How to sort an array or ArrayList ASC first by x and then by y?
Should a function have only one return statement?
This could happen if your compareTo method isn't consistent. I.e. if a.compareTo(b) > 0, then b.compareTo(a) must be < 0. And if a.compareTo(b) > 0 and b.compareTo(c) > 0, then a.compareTo(c) must be > 0. If those aren't true, TreeSet can get all confused.
Firstly, if you are using a TreeSet, the actual behavior of your hashCode methods won't affect the results. TreeSet does not rely on hashing.
Really we need to see more code; e.g. the actual implementations of the equals and compareTo methods, and the code that instantiates the TreeSet.
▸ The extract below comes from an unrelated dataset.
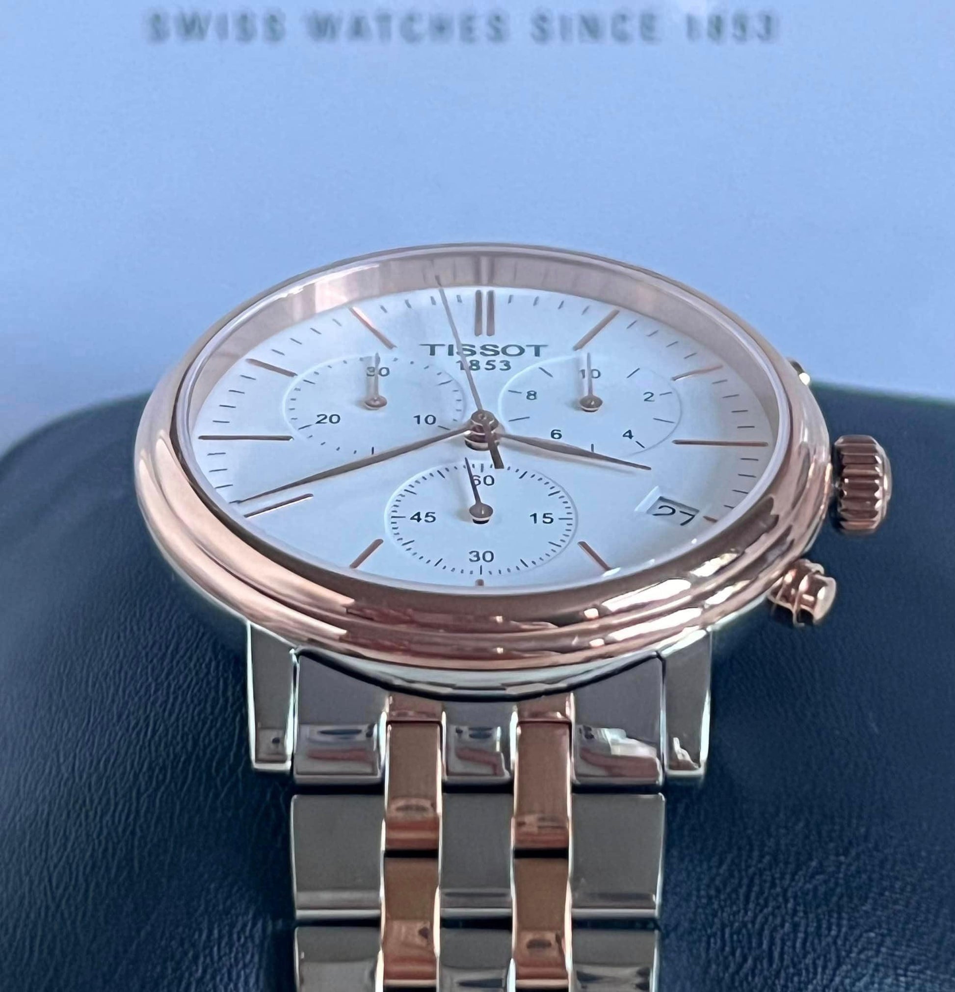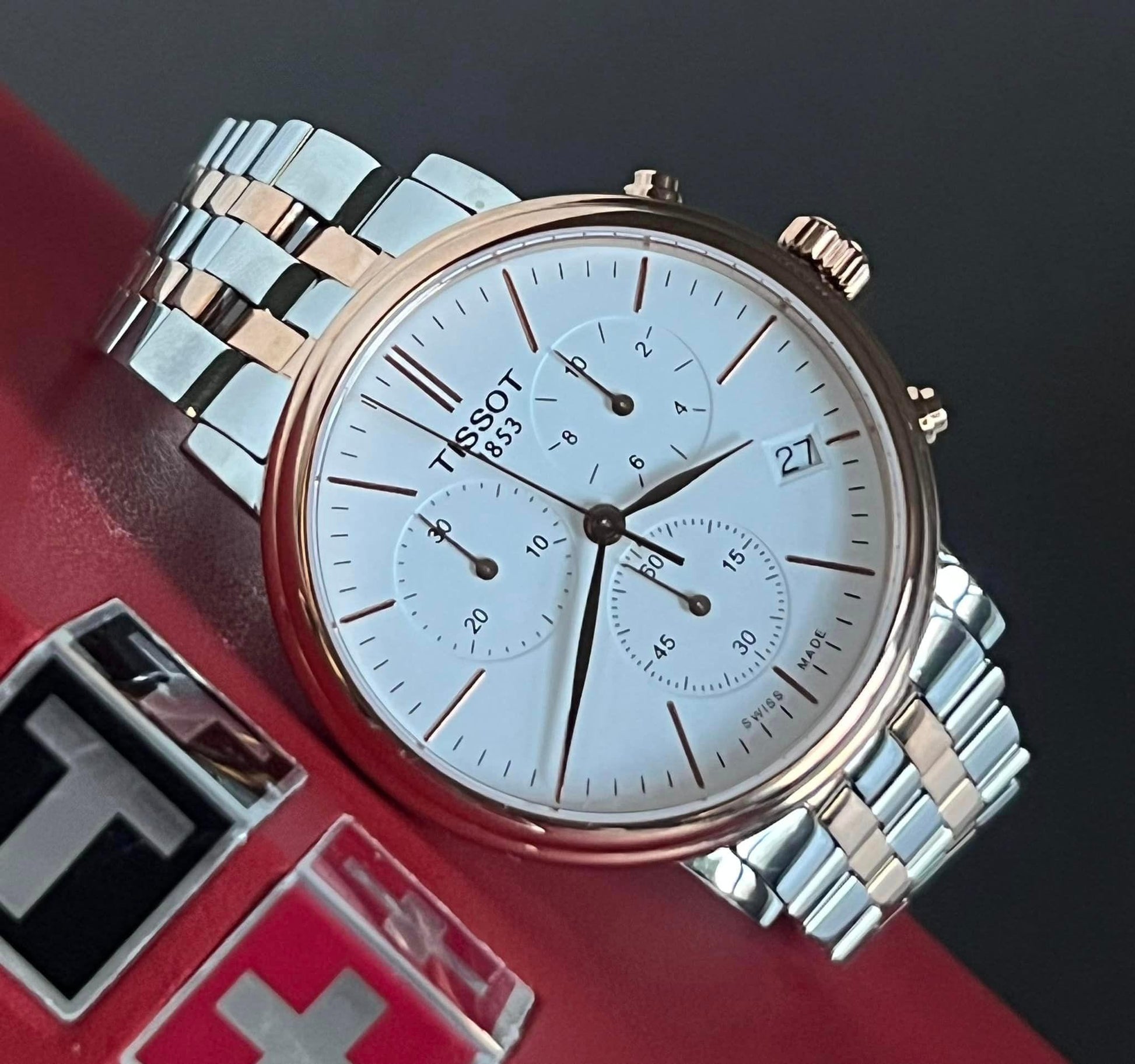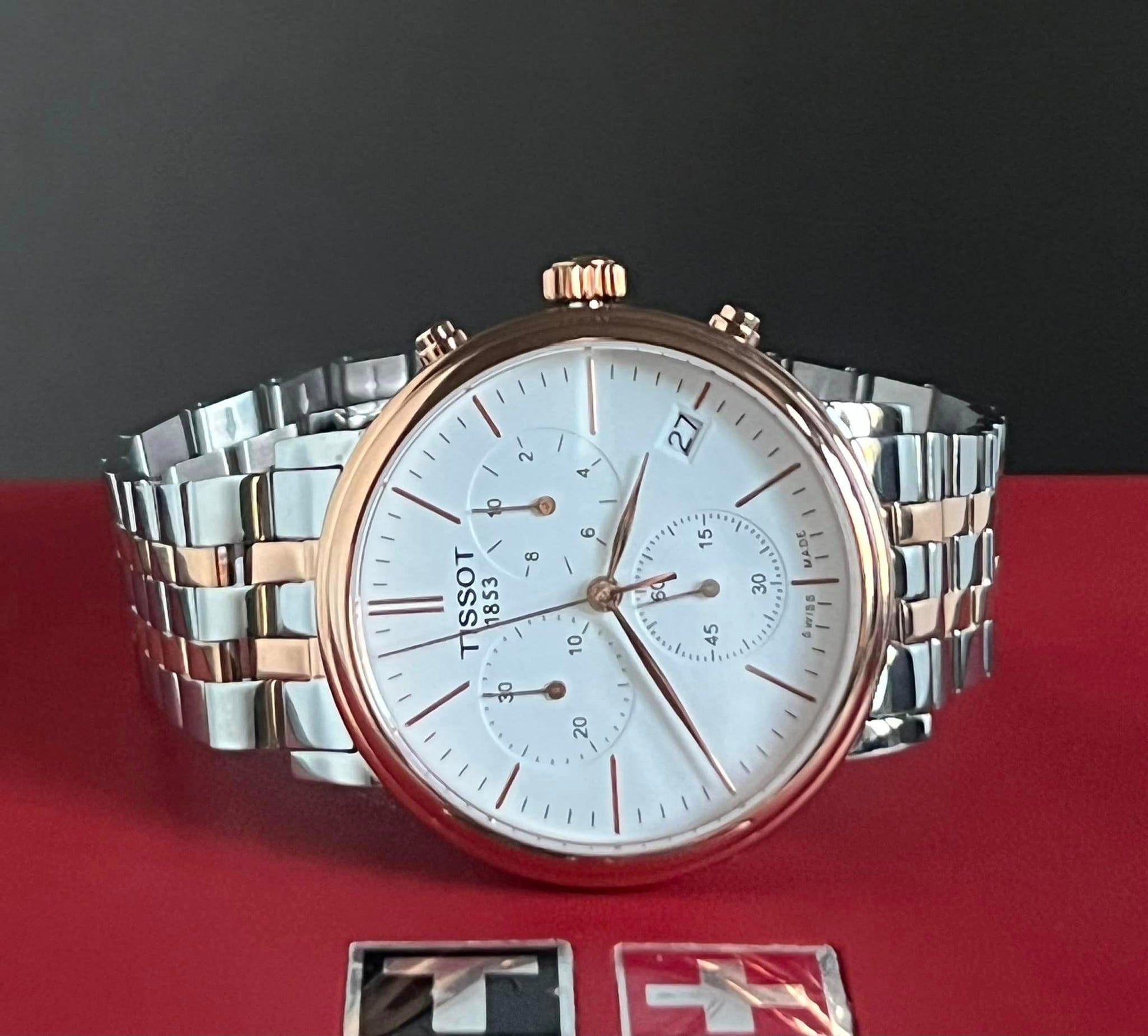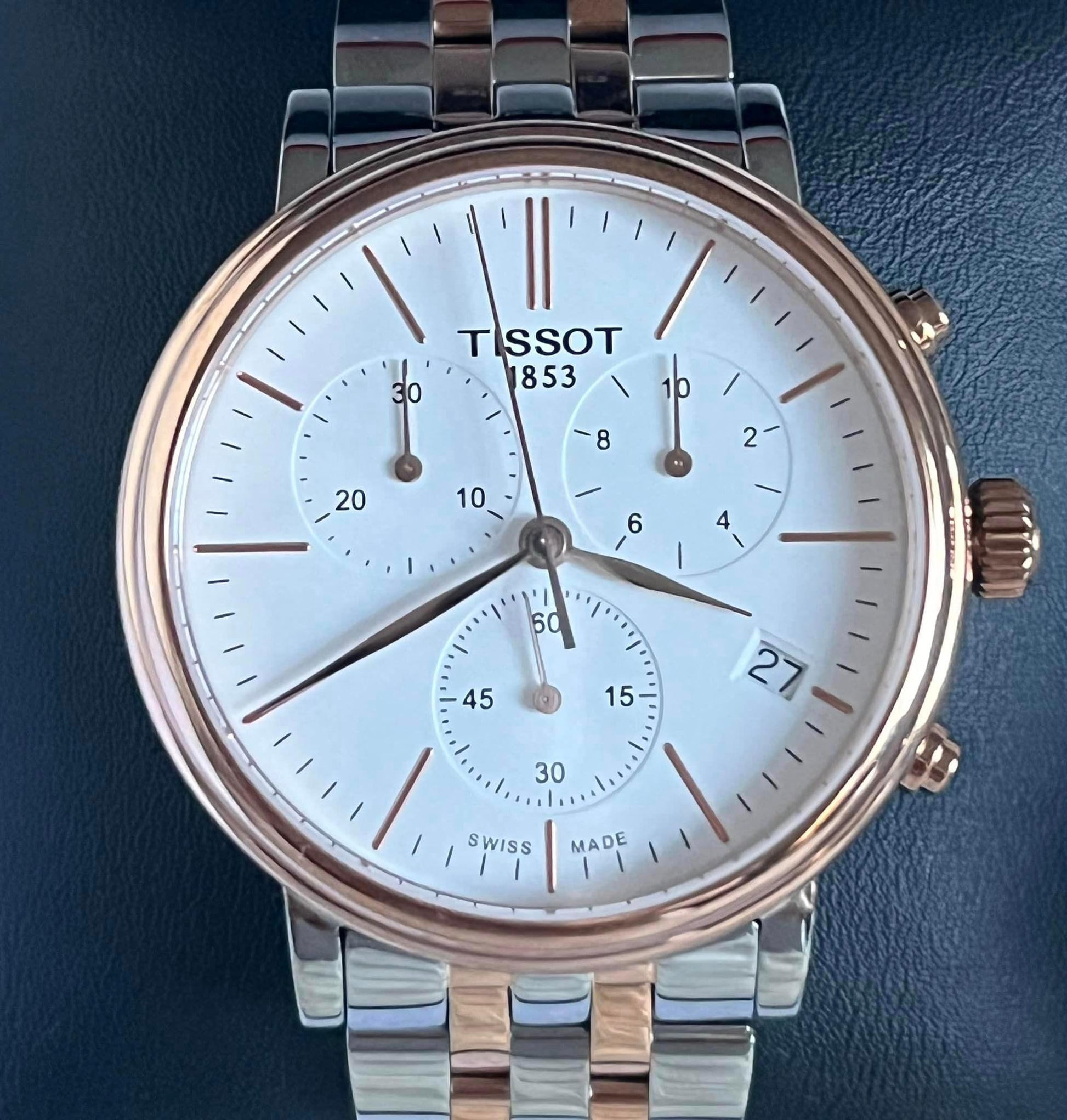 Discover the perfect blend of style and function with the Tissot Men's Carson Premium Chronograph Watch. With a sleek 41mm case and water resistance up to 300M, this Swiss Quartz watch is built to withstand the elements. Featuring a scratch-resistant Sapphire Crystal with anti-reflective coating, this chronograph watch is both durable and easy to read. Expertly crafted, it's a timeless timepiece for the modern man. MSRP $850.

However, if I was to guess, it would be that you have overloaded the equals method by declaring it with the signature boolean equals(Ticket other). That would lead to the behavior that you are seeing. To get the required behavior, you must override the method; e.g.
#Override
public boolean equals(Object other) { ...
(It is a good idea to put in the #Override annotation to make it clear that the method overrides a method in the superclass, or implements a method in an interface. If your method isn't actually an override, then you'll get a compilation error ... which would be a good thing.)
EDIT
Based on the code that you have added to the question, the problem is not overload vs override. (As I said, I was only guessing ...)
It is most likely that the compareTo and equals are incorrect. It is still not entirely clear exactly where the bug is because the semantics of both methods depends on the compareTo and equals methods of the Boeking class.
The first if statement of the Ticket.compareTo looks highly suspicious. It looks like the return 1; could cause t1.compareTo(t2) and t2.compareTo(t1) to both return 1 for some tickets t1 and t2 ... and that would definitely be wrong.